Once you decide the information is no longer valid in near future, signal this state by entering the deprecated state. If it is no longer valid, the document finally arrived in the end state removed.
Please notice that the first three states define a stage within the process the document is in, while the other states actually define a state the document has already achieved.
The first four stages are based on Use Cases: Requirements in Context (Daryl Kulak, Eamonn Guiney). The authors defines those stages to iteratively develop use cases. But we think those stages also help to create documents of any type.
The values for the iteration property are predefined by the Iteration Macro. If these iteration stages do not satisfy your requirements, you may add an iteration type doctype and reference these with a Name List Macro. The drawback of this approach is that the valid values are not listed in a dropdown, but you can define the stages you want to use.

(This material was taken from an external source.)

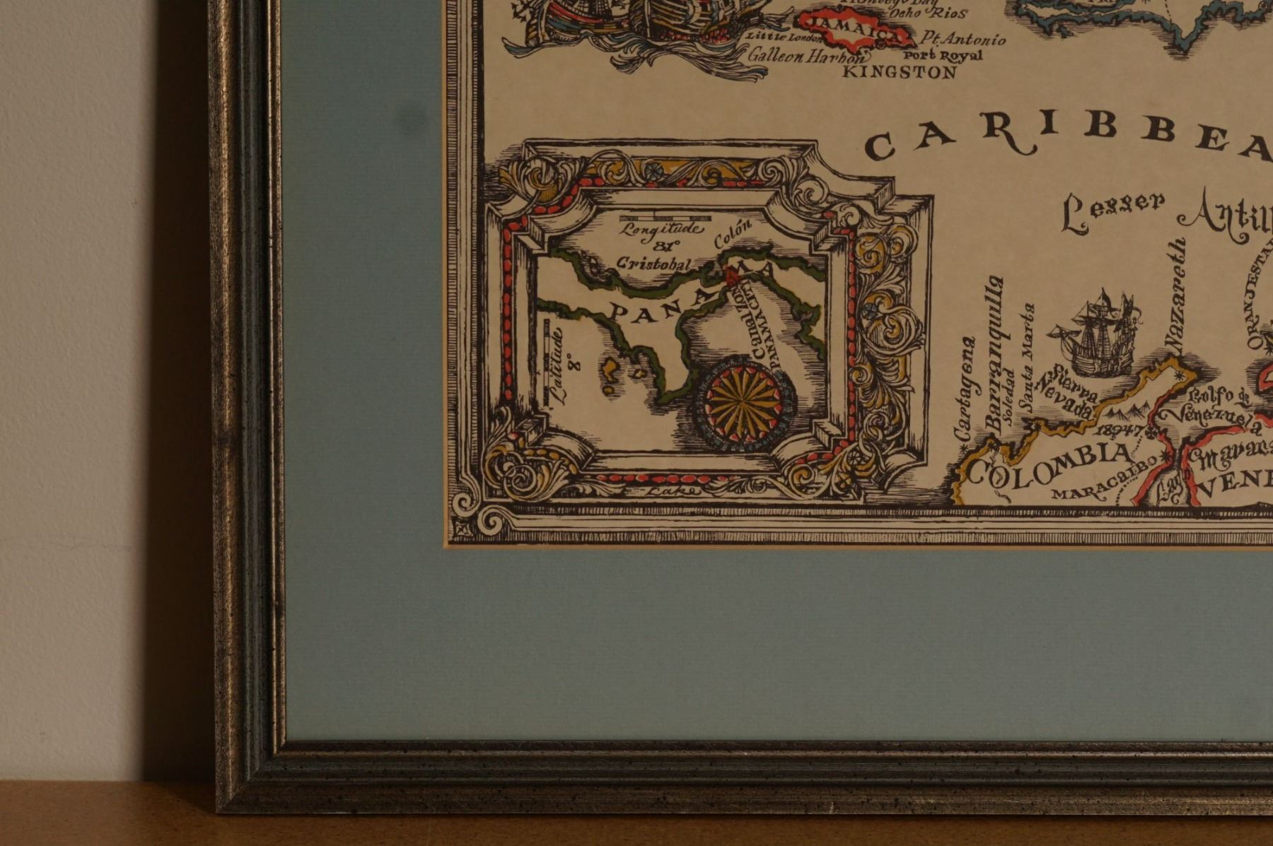 Framed decorative map titled The West Indies, featuring a richly illustrated depiction of the Caribbean region with artistic flourishes reminiscent of early cartographic styles. The map includes detailed renderings of islands, ships, and compass roses, bordered with ornate scrollwork and a smaller inset of Panama. Presented with a light blue mat and antiqued wooden frame, the piece blends historical charm with decorative appeal. A refined wall display for admirers of vintage maps and maritime art.

While Subject, Categories, and Tags are typically supported by all doctypes, the Type property refers to a document type specific type. Therefore there is typically a specific doctype type for that type (like the Role Type), while the documents for subjects, categories, and tags are shared by all doctypes.
Example Type on Role Doctype
There is a Role Type that allows to group roles by their type. There may be administrator roles and user roles. The type
Administrator and the type
User will not be shared with any other document types.
Do not be confused that there is a Tag Type to group tags. You can also tag documents of doctype Tag with the Tags property. The Type property of a tag document will point to a document of type Tag Type.
The sponsors property allow to specify which stakeholders take interest in creating and optionally maintaining a particular document.
This information is not relevant for every type of document. There is typically no need to specify which stakeholder is interested in the description of a user's role or a given category. But for topics, architecture decisions, or volumes (e.g. the arc42 Template) it helps to define the audience who is willing to provide resources.
The sort key is the primary tool for sorting documents displayed in a list or on a table. Usually the documents are sorted by name, but sometimes you want to impose a semantic order on the documents. For instance you have a collection of documents that introduce a reader into a given topic. The order of the documents is typically not the lexicographical order imposed by the name.
For further information please refer to Using Sort Keys.
Special Document Properties
List of properties valid on document level.
- Controls the start number of the first heading on a page.